If you wear a Garmin, Apple Watch, Fitbit, or Whoop, there’s a good chance you’ve glanced at its VO2max estimate and either felt smug or slightly insulted. That number — the gold-standard measure of cardiorespiratory fitness — has become one of the most prominent metrics on the consumer wrist.
Here’s the uncomfortable truth from the validation literature: as a cross-sectional number, it’s often badly wrong. As a longitudinal signal, it’s surprisingly useful. Those two facts get conflated constantly, and the difference matters enormously depending on whether you’re a clinician, a coach, or just someone trying to get fitter.
The absolute number is the weak link
When researchers put consumer wearables next to cardiopulmonary exercise testing (CPET) — the laboratory gold standard with a metabolic cart, mask, and graded protocol — the gap is rarely subtle.
In a recent CONVALESCENCE sub-study of 203 middle-aged adults, a Garmin Vivoactive 4s overestimated CPET-measured VO2max by roughly 14 ml·kg⁻¹·min⁻¹, with limits of agreement spanning from about 2 to 27 ml·kg⁻¹·min⁻¹. Median absolute percentage error sat around 56–60%. The error wasn’t random; it scaled directly with how mismatched the participant’s actual fitness was from what an anthropometric equation would predict from their age, sex, height, and weight.
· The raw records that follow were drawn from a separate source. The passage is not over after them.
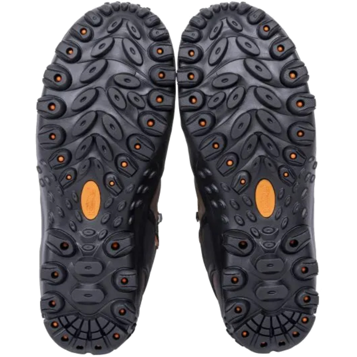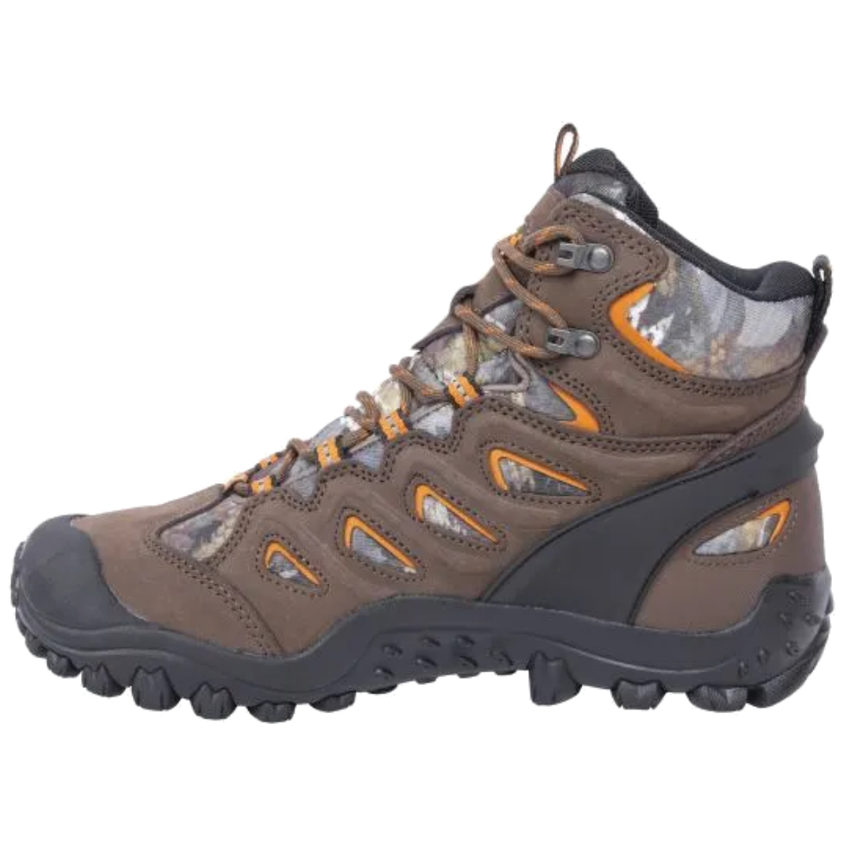 Промежуточная подошва из ЭВА амортизирует удары, снижая нагрузку при движении. Резиновая подметка с рельефным рисунком гарантирует устойчивое сцепление на пересечённой местности и бездорожье. Усиленная пятка и прочная шнуровка обеспечивают надежную фиксацию стопы.
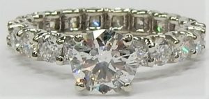 The full report can be seen online here. This is a pretty big looking diamond. Its average diameter of 7.43mm is much larger than most 1.50 carat modern diamonds. The diamond came to us in an antique inspired modern manufactured 18 karat white gold filigree ring, bead set with 26 modern round brilliant cut diamonds.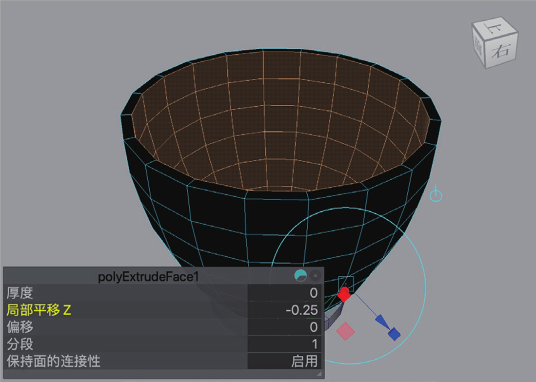 09 选中如图3-56所示的面,使用“建模工具包”面板中的“挤出”工具,制作如图3-57所示的模型结果。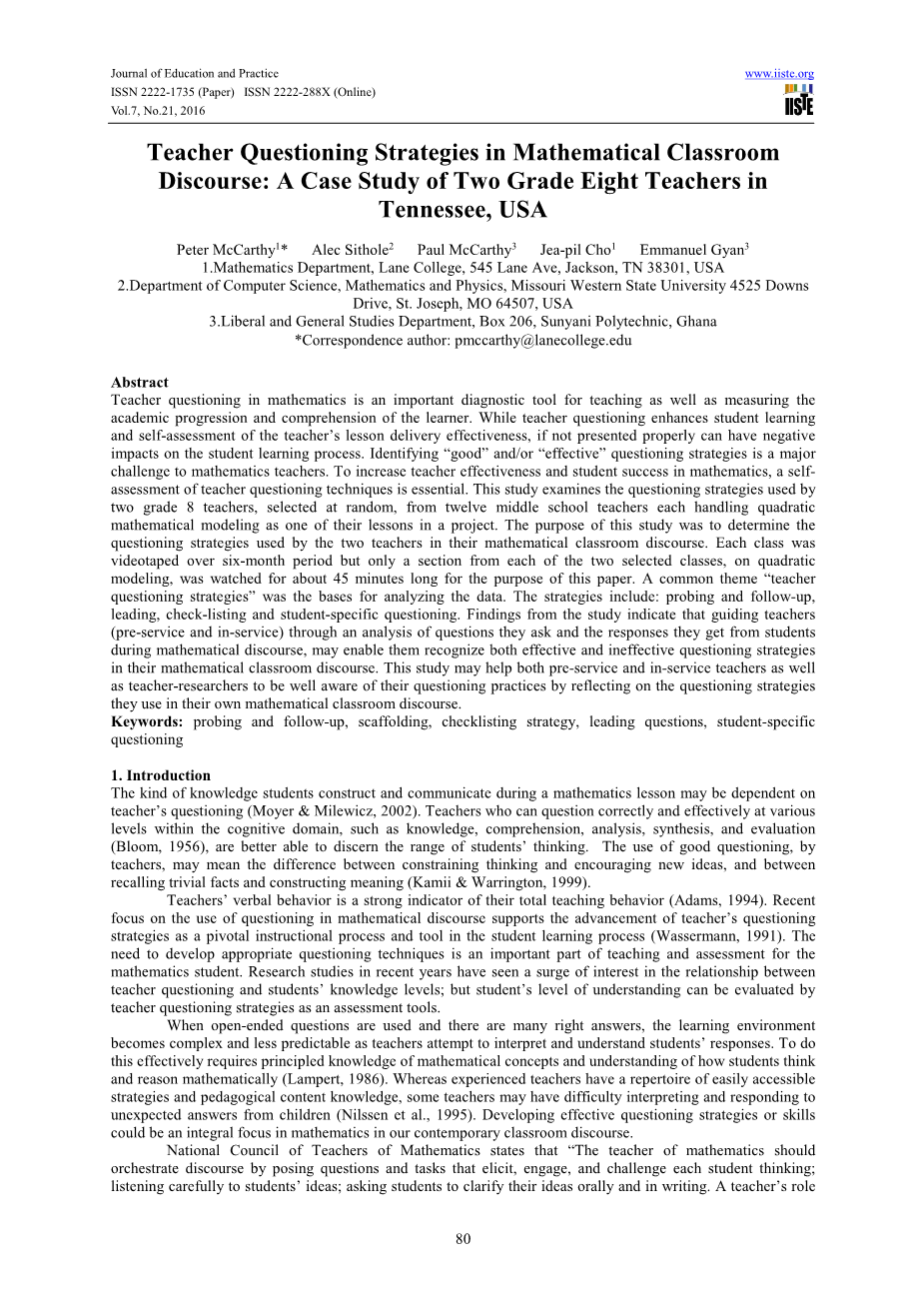Teacher questioning in mathematics is an important diagnostic tool for teaching as well as measuring the academic progression and comprehension of the learner. While teacher questioning enhances student learning and self-assessment of the teacherrsquo;s lesson delivery effectiveness, if not presented properly can have negative impacts on the student learning process. Identifying “good” and/or “effective” questioning strategies is a major challenge to mathematics teachers. To increase teacher effectiveness and student success in mathematics, a self- assessment of teacher questioning techniques is essential. This study examines the questioning strategies used by two grade 8 teachers, selected at random, from twelve middle school teachers each handling quadratic mathematical modeling as one of their lessons in a project. The purpose of this study was to determine the questioning strategies used by the two teachers in their mathematical classroom discourse. Each class was videotaped over six-month period but only a section from each of the two selected classes, on quadratic modeling, was watched for about 45 minutes long for the purpose of this paper. A common theme “teacher questioning strategies” was the bases for analyzing the data. The strategies include: probing and follow-up, leading, check-listing and student-specific questioning. Findings from the study indicate that guiding teachers (pre-service and in-service) through an analysis of questions they ask and the responses they get from students during mathematical discourse, may enable them recognize both effective and ineffective questioning strategies in their mathematical classroom discourse. This study may help both pr

In other words, the watch was essentially regressing toward a demographic average and calling it a measurement.
An Apple Watch Series 7 validation study found a mean absolute percentage error of about 16% against indirect calorimetry, with the device systematically overestimating low-fitness individuals and underestimating high-fitness ones — a compression toward the mean that shows up across nearly every device tested. The Garmin fēnix 6 fares better in athletic populations (MAPE around 7% in one validation), but even there the picture flips depending on the cohort.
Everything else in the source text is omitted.